INSTRUCTIONS TO FOLLOW >> Output every line of the material exactly, omitting images.

PROVIDED MATERIAL >>
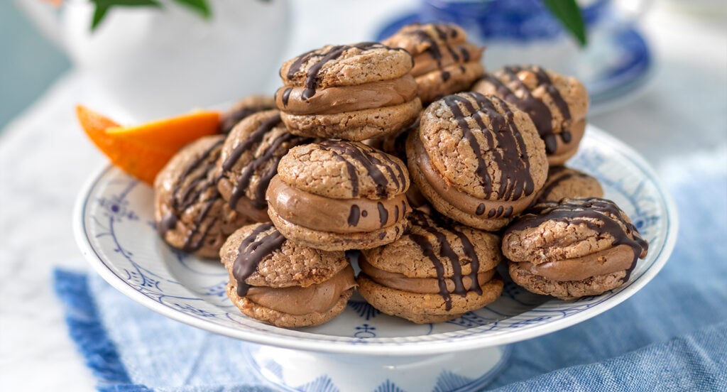 - Spritsa eller bred ut krämen på den platta sidan på hälften av kakorna. Lägg på de andra kakorna med den platta sidan mot smörkrämen.
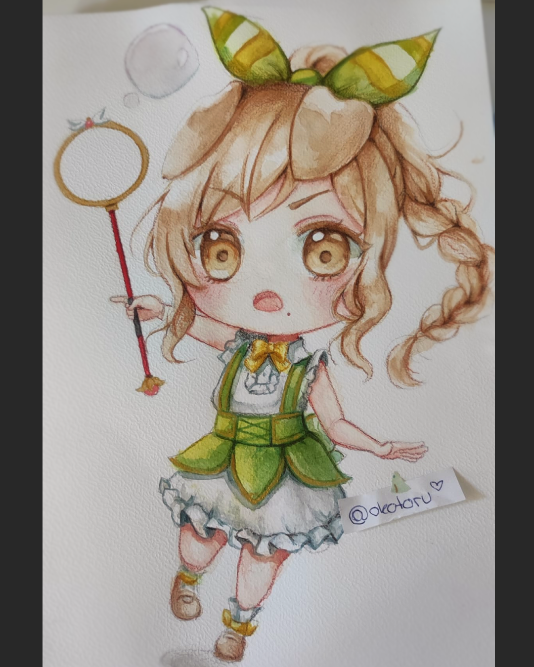 Her long, light brown hair is usually styled in a braided ponytail, secured with a cheerful bow featuring white, yellow and green stripes.
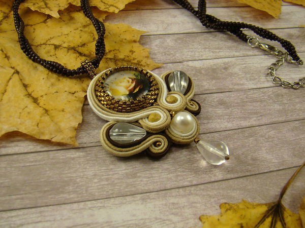Кулон "Цветы полуночи" Кулон "Цветы полуночи" Можно использовать бисер любых цветов темных оттенков. Добавить в закладкиНазначить теги Создаем нежный кулон "English rose": часть 5 Создаем нежный кулон "English rose": часть 5 На концах делаем петельки из пяти бисерин №15, присоединяя замочек. Замок можно использовать любой, в этот раз я взяла карабин. Наш кулон готов Часть 1 https://www.diyideas.ru/49936-sozdaem-nezhnyi-kulon-english-rose-chast-1.html Часть 2 https://www.diyideas.ru/49942-sozdaem-nezhnyi-kulon-english-rose-chast-2.html Часть 3 https://www.diyideas.ru/49948-sozdaem-nezhnyi-kulon-english-rose-chast-3.html Часть 4 https://www.diyideas.ru/49954-sozdaem-... Добавить в закладкиНазначить теги Создаем нежный кулон "English rose": часть 4 Создаем нежный кулон "English rose": часть 4 Приклеиваем картонную выкройку на кожу (стараемся поэкономнее), вырезаем и обшиваем бисером №15 американским способом. Бисерины при этом ложатся плашмя, между ними образуются перетяжки, это нужно для дальнейшего аккуратного соединения с кулоном. Приклеиваем изнанку к кулону и пришиваем ее за те самые перетяжки между бисеринами. С лица игла выходит между слоями сутажа. Плетем витой шнур ндебеле на две бисерины длиной 40 см из круглого бисера №11. Часть 1 http... Добавить в закладкиНазначить теги Создаем нежный кулон "English rose": часть 3 Создаем нежный кулон "English rose": часть 3 Пришиваем подвеску. Для этого я использую капроновую нить (если пришить мононитью, подвеска будет торчать). Плетем петельку ндебеле на две бисерины длиной 2 см. Теперь черед изнанки. Обводим кулон на бумаге, вырезаем на пару миллиметров вглубь от линии. Прикладываем выкройку к кулону, проверяем, подрезаем, если нужно. Обводим выкройку на тонком картоне и вырезаем. Почему сразу не использовать картон, не возясь с бумагой? Потому что бумажную выкройку можно со... Добавить в закладкиНазначить теги Создаем нежный кулон "English rose": часть 2 Создаем нежный кулон "English rose": часть 2 Делаем симметричный завиток с другой стороны. Между завитками вшиваем круглую бисерину №11. Берем три отрезка сутажа длиной примерно 6 см, огибаем ими жемчужину 8 мм, прошиваем. Пришиваем ее снизу кабошона. Над жемчужиной пришиваем бисерину №11. Теперь займемся боковыми элементами. Берем три отрезка сутажа длиной примерно 10 см, вшиваем бусину-каплю. Концы сутажа соединяем у узкого конца бусины. С одной стороны формируем завиток, вшивая круглую бисерину №1... Добавить в закладкиНазначить теги Создаем нежный кулон "English rose": часть 1 Создаем нежный кулон "English rose": часть 1 Предлагаю вам попробовать создать нежный кулон с чайными розами в осенней цветовой гамме. Стиль «английская роза» — это мягкая цветовая палитра в макияже и одежде. Основные правила стиля — пастельные тона, винтаж и, конечно же, розы! Этот стиль зародился в Британии в те времена, когда Джейн Остин и сестры Бронте писали свои гениальные романы. Их героини были истинными английскими розами: предпочитали скромные наряды, были начитаны, образованы, с... Добавить в закладкиНазначить теги Подвеска из проволоки и камней Подвеска из проволоки и камней Проволоку можно купить в строительных магазинах или через интернет. Добавить в закладкиНазначить теги Бисерные серьги или кулон Бисерные серьги или кулон С расширением внизу они немного напоминают веер. Добавить в закладкиНазначить теги Бусина "Baroca" в украшениях: мастер-класс Бусина "Baroca" в украшениях: мастер-класс Она может быть кулоном, брелком, серьгами..... Добавить в заклад
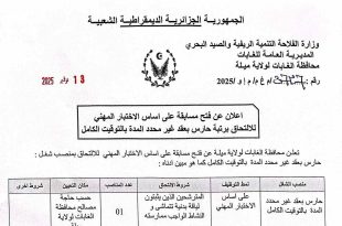 وزارة الفلاحة والتنمية الريفية والصيد البحري المديرية العامة للغابات محافظة الغابات لولاية ميلة ميلة في: 13 نوفمبر 2025 ads إعلان عن فتح مسابقة على أساس الإختيار المهني للإلتحاق برتبة حارس بعقد غير محدد المدة بالتوقيت الكامل تعلن محافظة الغابات لولاية ميلة عن فتح مسابقة …

ANSWER SECTION >>
 - Spritsa eller bred ut krämen på den platta sidan på hälften av kakorna. Lägg på de andra kakorna med den platta sidan mot smörkrämen.
 Her long, light brown hair is usually styled in a braided ponytail, secured with a cheerful bow featuring white, yellow and green stripes.
Кулон "Цветы полуночи" Кулон "Цветы полуночи" Можно использовать бисер любых цветов темных оттенков. Добавить в закладкиНазначить теги Создаем нежный кулон "English rose": часть 5 Создаем нежный кулон "English rose": часть 5 На концах делаем петельки из пяти бисерин №15, присоединяя замочек. Замок можно использовать любой, в этот раз я взяла карабин. Наш кулон готов Часть 1 https://www.diyideas.ru/49936-sozdaem-nezhnyi-kulon-english-rose-chast-1.html Часть 2 https://www.diyideas.ru/49942-sozdaem-nezhnyi-kulon-english-rose-chast-2.html Часть 3 https://www.diyideas.ru/49948-sozdaem-nezhnyi-kulon-english-rose-chast-3.html Часть 4 https://www.diyideas.ru/49954-sozdaem-... Добавить в закладкиНазначить теги Создаем нежный кулон "English rose": часть 4 Создаем нежный кулон "English rose": часть 4 Приклеиваем картонную выкройку на кожу (стараемся поэкономнее), вырезаем и обшиваем бисером №15 американским способом. Бисерины при этом ложатся плашмя, между ними образуются перетяжки, это нужно для дальнейшего аккуратного соединения с кулоном. Приклеиваем изнанку к кулону и пришиваем ее за те самые перетяжки между бисеринами. С лица игла выходит между слоями сутажа. Плетем витой шнур ндебеле на две бисерины длиной 40 см из круглого бисера №11. Часть 1 http... Добавить в закладкиНазначить теги Создаем нежный кулон "English rose": часть 3 Создаем нежный кулон "English rose": часть 3 Пришиваем подвеску. Для этого я использую капроновую нить (если пришить мононитью, подвеска будет торчать). Плетем петельку ндебеле на две бисерины длиной 2 см. Теперь черед изнанки. Обводим кулон на бумаге, вырезаем на пару миллиметров вглубь от линии. Прикладываем выкройку к кулону, проверяем, подрезаем, если нужно. Обводим выкройку на тонком картоне и вырезаем. Почему сразу не использовать картон, не возясь с бумагой? Потому что бумажную выкройку можно со... Добавить в закладкиНазначить теги Создаем нежный кулон "English rose": часть 2 Создаем нежный кулон "English rose": часть 2 Делаем симметричный завиток с другой стороны. Между завитками вшиваем круглую бисерину №11. Берем три отрезка сутажа длиной примерно 6 см, огибаем ими жемчужину 8 мм, прошиваем. Пришиваем ее снизу кабошона. Над жемчужиной пришиваем бисерину №11. Теперь займемся боковыми элементами. Берем три отрезка сутажа длиной примерно 10 см, вшиваем бусину-каплю. Концы сутажа соединяем у узкого конца бусины. С одной стороны формируем завиток, вшивая круглую бисерину №1... Добавить в закладкиНазначить теги Создаем нежный кулон "English rose": часть 1 Создаем нежный кулон "English rose": часть 1 Предлагаю вам попробовать создать нежный кулон с чайными розами в осенней цветовой гамме. Стиль «английская роза» — это мягкая цветовая палитра в макияже и одежде. Основные правила стиля — пастельные тона, винтаж и, конечно же, розы! Этот стиль зародился в Британии в те времена, когда Джейн Остин и сестры Бронте писали свои гениальные романы. Их героини были истинными английскими розами: предпочитали скромные наряды, были начитаны, образованы, с... Добавить в закладкиНазначить теги Подвеска из проволоки и камней Подвеска из проволоки и камней Проволоку можно купить в строительных магазинах или через интернет. Добавить в закладкиНазначить теги Бисерные серьги или кулон Бисерные серьги или кулон С расширением внизу они немного напоминают веер. Добавить в закладкиНазначить теги Бусина "Baroca" в украшениях: мастер-класс Бусина "Baroca" в украшениях: мастер-класс Она может быть кулоном, брелком, серьгами..... Добавить в заклад
 وزارة الفلاحة والتنمية الريفية والصيد البحري المديرية العامة للغابات محافظة الغابات لولاية ميلة ميلة في: 13 نوفمبر 2025 ads إعلان عن فتح مسابقة على أساس الإختيار المهني للإلتحاق برتبة حارس بعقد غير محدد المدة بالتوقيت الكامل تعلن محافظة الغابات لولاية ميلة عن فتح مسابقة …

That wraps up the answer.